The cassette whirred and clicked, running on a few seconds of dead tape at the end of the recording. I gestured with the fag end for Scratch to let me get up, stubbing it out in an ash tray that somebody had nicked from a pub and hobbling over to the tape player. I was more burdened by pins and needles than the tattoo-in-progress, which I couldn’t even feel when it wasn’t being actually carved into my skin. At first I was going to just flip the tape to Side Two but I changed my mind and popped it out to replace it with something else. I said that Scratch didn’t have much interest in music and he didn’t really, not compared to the rest of us, but I knew he preferred some over others. So I put on Germfree Adolescents by the X-Ray Spex since I knew he shared my warm feelings for Poly Styrene.

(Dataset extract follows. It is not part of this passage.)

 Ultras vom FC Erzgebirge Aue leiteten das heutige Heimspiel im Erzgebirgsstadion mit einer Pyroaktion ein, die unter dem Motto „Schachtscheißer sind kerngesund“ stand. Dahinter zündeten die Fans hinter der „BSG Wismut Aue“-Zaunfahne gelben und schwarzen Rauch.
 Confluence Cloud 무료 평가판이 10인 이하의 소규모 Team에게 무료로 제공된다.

Of course one of the biggest constant daily arguments around the house was what music we wanted on. Some music was banned outright. Popular music like David Essex or what have you, no chance. You’d get laughed out of the place. Ska was a divisive subject. Even some punk records were dismissed as being by so-called posers. Several S.A.S frequenters objected to X-Ray Spex fiercely on the grounds that they sounded too much like Londoners, and London itself often seemed to be seen as an enemy of the whole movement, a gestalt representation of Thatcherism and monarchy. London was shit, the South was shit, anywhere outside Manchester was shit. Then again some hated a massive chunk of the Manc scene for being poncey and intellectual and way too bourgeois when punk should be a movement of the people.

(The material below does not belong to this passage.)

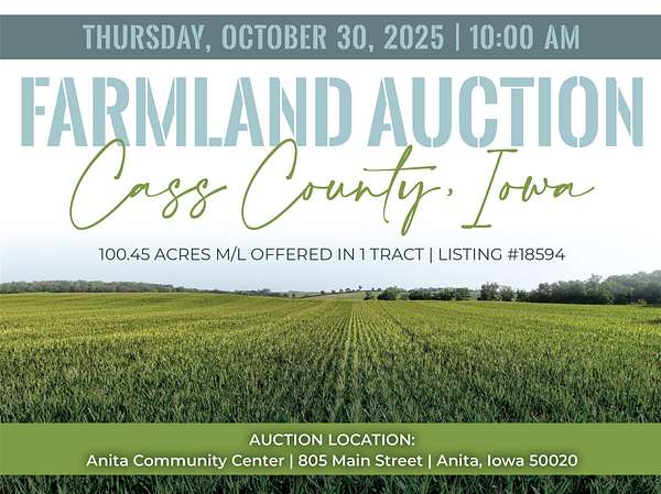 Cass County, Iowa Farmland Auction - Mark your calendars for Thursday, October 30th, 2025, at 10:00 AM! I'm proud to represent the sale of 100.45 gross acres m/l, being offered as a single, highly tillable Cass County farmland tract situated southwest of Cumberland, Iowa. This farmland tract is comprised of a gentle rolling topography located within the northwest quarter of Section 29 and northeast quarter of Section 30 of Edna Township, Cass County, Iowa. This tillable farmland tract consists of 100.45 acres m/l with 100.45 FSA tillable acres carrying a CSR2 of 82.1, although currently there is only 78.97 planted acres. The FSA tillable acres consist of Nodaway-Kennebec complex as the primary soil type, with lesser percentages of Sharpsburg silty clay loam and Zook silty clay loam. This tract is improved with substantial tract cleanup. The West Nodaway River meanders through the northeast corner, flows along the eastern edge, and is adjacent to the southern property boundary, and tile can be taken to daylight through this creek. Ideally situated in the south central portion of Cass County, Iowa, this farmland tract would be a smart investment for a beginning farmer, Buyer looking to diversify their portfolio, or anyone interested in a long-term land investment opportunity. The farm will be sold to an existing cover crop lease through February 28th, 2026, and will be offered on a price-per-acre basis at a live public auction on Thursday, October 30th, 2025.

And even back then there were those who said punk was dead, that everything coming out now was trite and unoriginal and the best days were behind us. They reckoned it was all too mainstream now and the real heart had gone out of it. Some said that anybody who got a record deal and definitely anybody who got played on the radio wasn’t really punk- they were too manufactured and not real enough to have the true spirit. Sometimes it seemed what it all came down to was people trying to give their own subjective opinions weight by attaching them to some argument about what was authentic and what represented the spirit of punk most accurately. Basically a lot of them just wanted something to argue about. Though there was the nasty side of it all too. I met plenty of cunts who hated any band with women in it, or who loudly went on about how punk should be English, and by English they meant white. I always got a bit suspicious when somebody’s opening argument was how 2 Tone had ruined punk music.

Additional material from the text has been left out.